The input: Begin

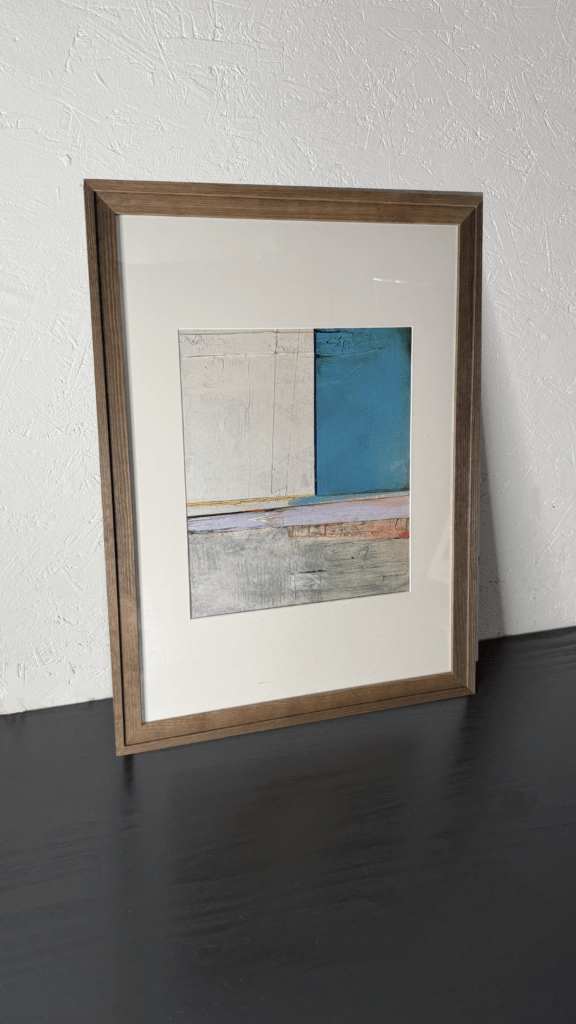 Textured abstract print with blue tones, 1 of a set of 3. Size: 53 x 73cm inc frame
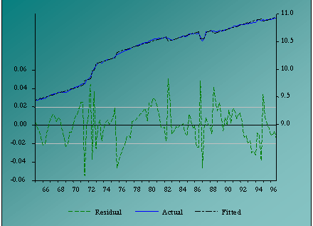 donde el logaritmo del producto interno bruto real (LPIB) sigue un proceso autoregresivo de primer orden y (DLPIB)t-1 son las N primeras diferencias necesarias para que el residuo (ut) sea "ruido blanco".
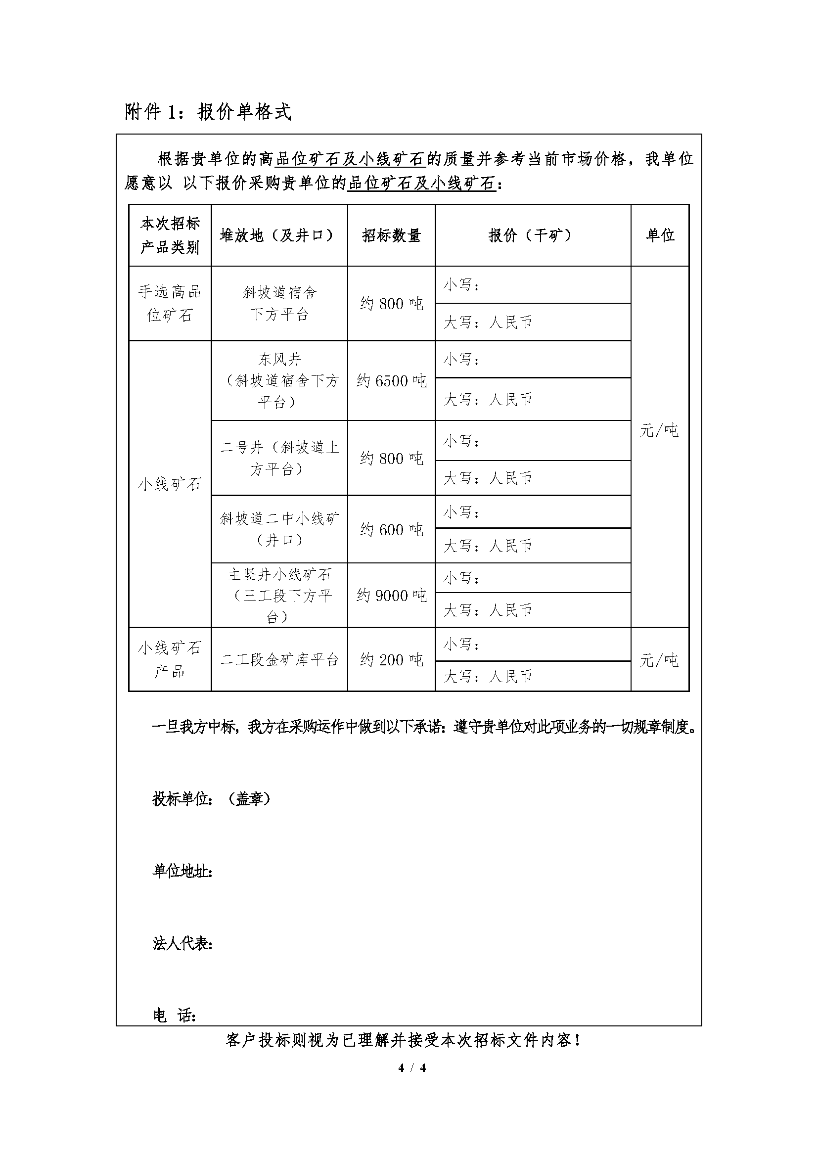 高品(pǐn)位礦石、小線礦石及(jí)產品招標文件
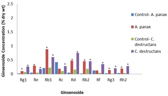 Effect of A. panax or C. destructans extracts on specific ginsenosides. Percentage of ginsenoside by dry weight in the roots of tissue culture cells of P. quinquefolius with no treatment (control) or a crude mycelial extract of A. panax or C. destructans at 8 days post-treatment, based on the study by Yu et al. []. Asterisks indicate significant differences.
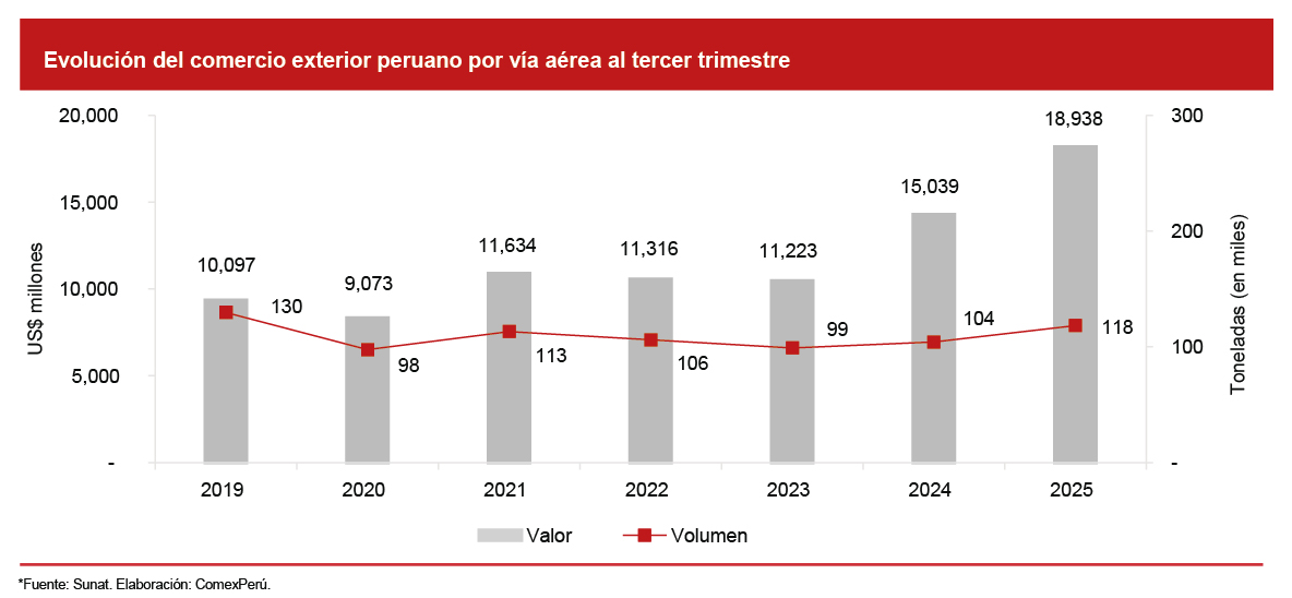 Entre enero y setiembre de 2025, las exportaciones vía aérea sumaron 76,596 TM, lo que significó un crecimiento del 18.9% con respecto al mismo periodo del año anterior.
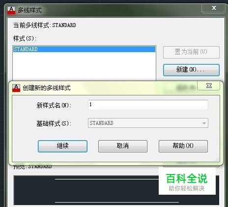 单击“新建”按钮,随后弹出“创建新的多线样式”对话框,在“新样式名”文本框中输入要建立的样式名称“1”,再单击“继续”按钮。
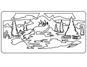 Te compartimos un vector descargable para reproducir la silueta de un alce entre montañas de pino.
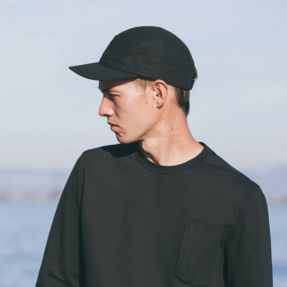 USA製のAcre 5パネルハットは、コットンリップストップ生地にAcre Supplyのダイヤモンドロゴをセルフ刺繍。調節可能なナイロンウェブストラップと通気性の良いアイレットを装備。カラーは3色:ブラック、オリーブ、ネイビー。
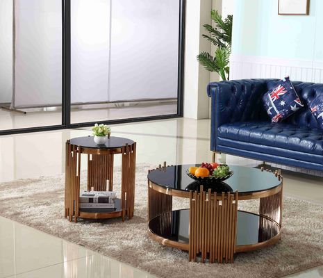 Meubles de luxe modernes de salon d'ensemble de table basse de rond d'or
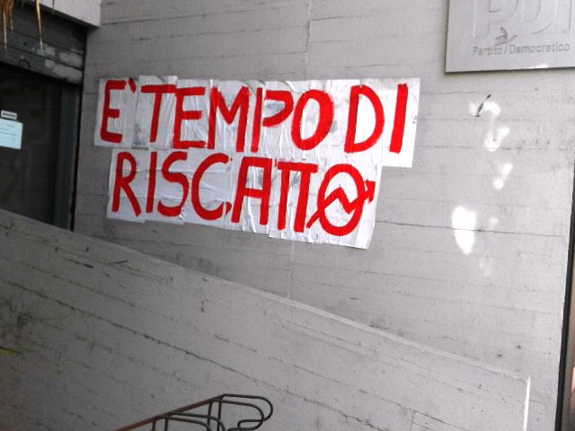 "Il nostro partito è stato vittima di un blitz “antagonista” questa mattina - spiega il segretario provinciale Pd Pisa Massimiliano Sonetti -, da parte di alcuni soggetti incappucciati che hanno incollanto alcuni fogli che componevano uno slogan titolato “E' tempo di riscatto”. Non è la prima volta che accade. A parte il danno materiale provocato al muro della sede, ci teniamo a precisare che prendiamo fermamente le distanze da questo gesto. Come democratici siamo sempre pronti ad ascoltare sulle situazioni di disagio che la crisi si porta dietro. L'impegno del Partito Democratico e del Governo è improntato proprio in questa direzione. Si può anche non essere d'accordo, ma ogni forma di dissenso deve esprimersi civilmente".
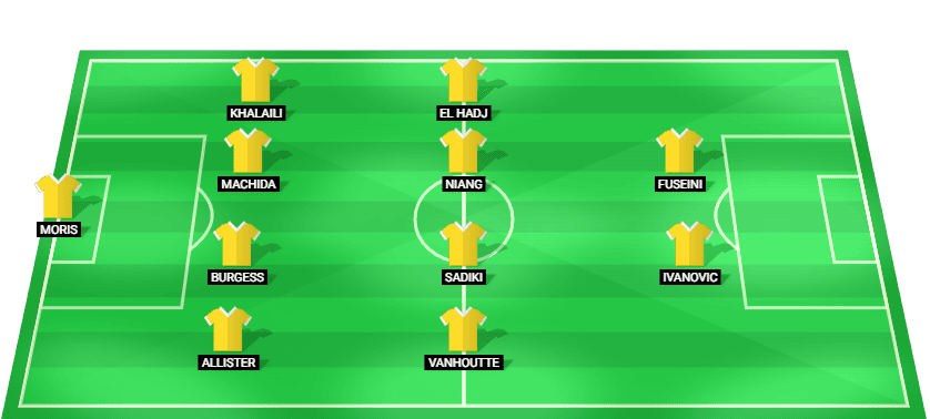 मोरिस (जीके), मैक एलीस्टर (डीएफ), बर्गेस (डीएफ) माचिडा (डीएफ), खलैली (डीएफ), वानहौटे (एमएफ), सादिकी (एमएफ), नियांग (एमएफ) ऐट एल हैज (एमएफ), इवानोविक (एफडब्ल्यू), फुसेनी (एफडब्ल्यू)
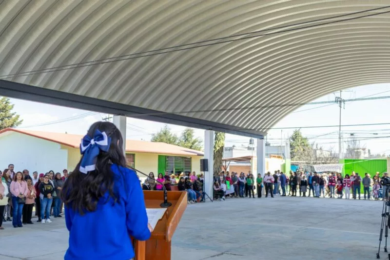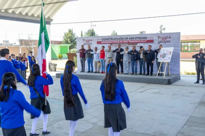 Toluca, Estado de México, 29 de enero de 2026.- El Presidente Municipal, Ricardo Moreno, continúa cumpliendo sus compromisos con la población y entrega nuevo arcotecho en la Escuela Secundaria Oficial No. 0800 Francisco Villa de Jicaltepec Cuexcontitlán, que la transforma en un espacio digno, seguro y multifuncional para 117 estudiantes, que fortalecerán su formación académica, deportiva, cultural y comunitaria.
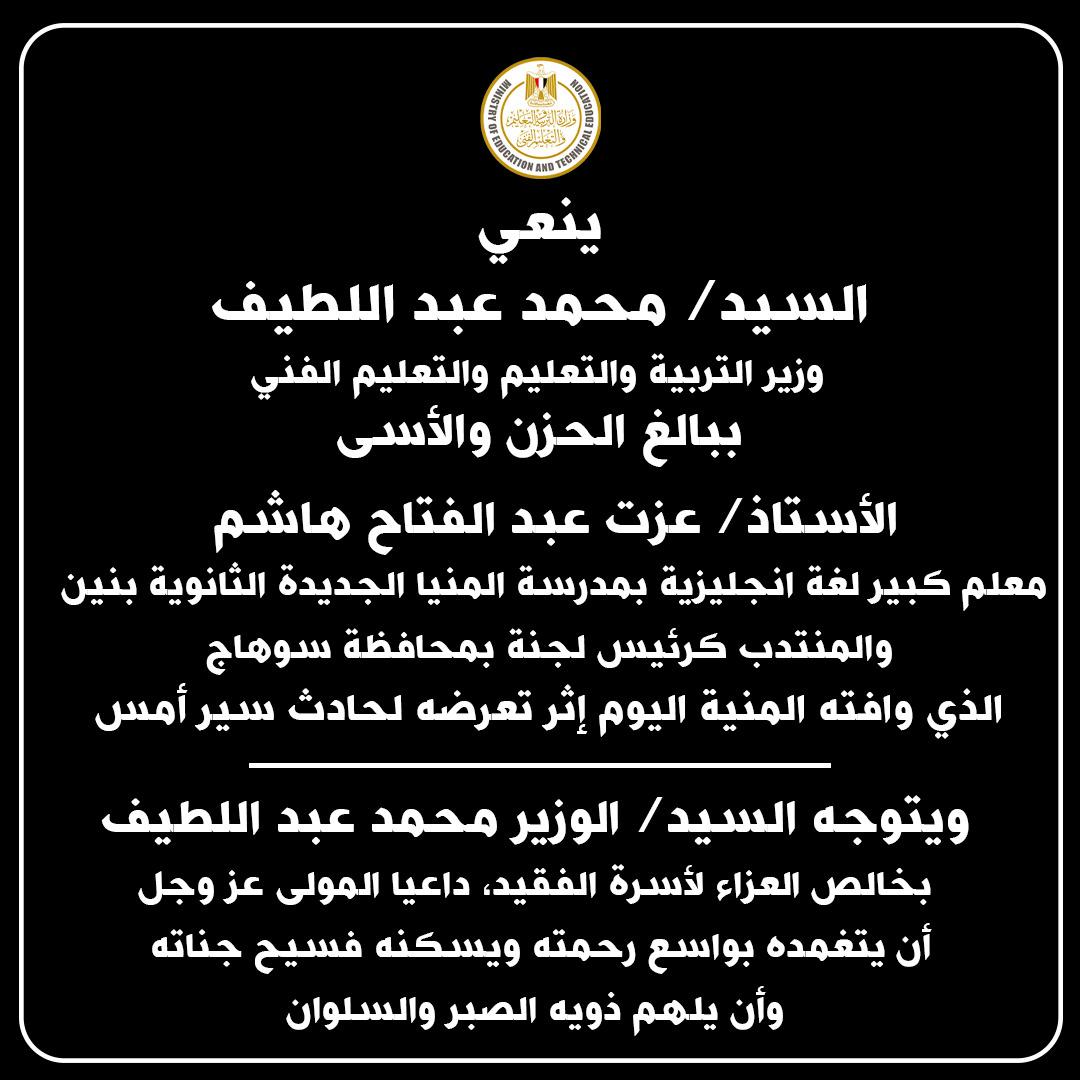 ببالغ الحزن والأسى، نعى الدكتور محمد عبد اللطيف، وزير التربية والتعليم والتعليم الفني، الأستاذ عزت عبد الفتاح هاشم، كبير معلمي اللغة الإنجليزية بمدرسة المنيا الجديدة الثانوية بنين، والذي وافته المنية صباح اليوم متأثرًا بإصابته في حادث سير أليم وقع أمس، أثناء تأديته لمهامه كرئيس لجنة امتحانات بمحافظة سوهاج.

The input: End

*Assignment:* Beginning with the first line of the records and ending with the line that contains "高品(pǐn)位礦石、小線礦石及(jí)產品招標文件", reproduce every line exactly, omitting pictures and adding nothing.

*Answer for the task:*
 Textured abstract print with blue tones, 1 of a set of 3. Size: 53 x 73cm inc frame
 donde el logaritmo del producto interno bruto real (LPIB) sigue un proceso autoregresivo de primer orden y (DLPIB)t-1 son las N primeras diferencias necesarias para que el residuo (ut) sea "ruido blanco".
 高品(pǐn)位礦石、小線礦石及(jí)產品招標文件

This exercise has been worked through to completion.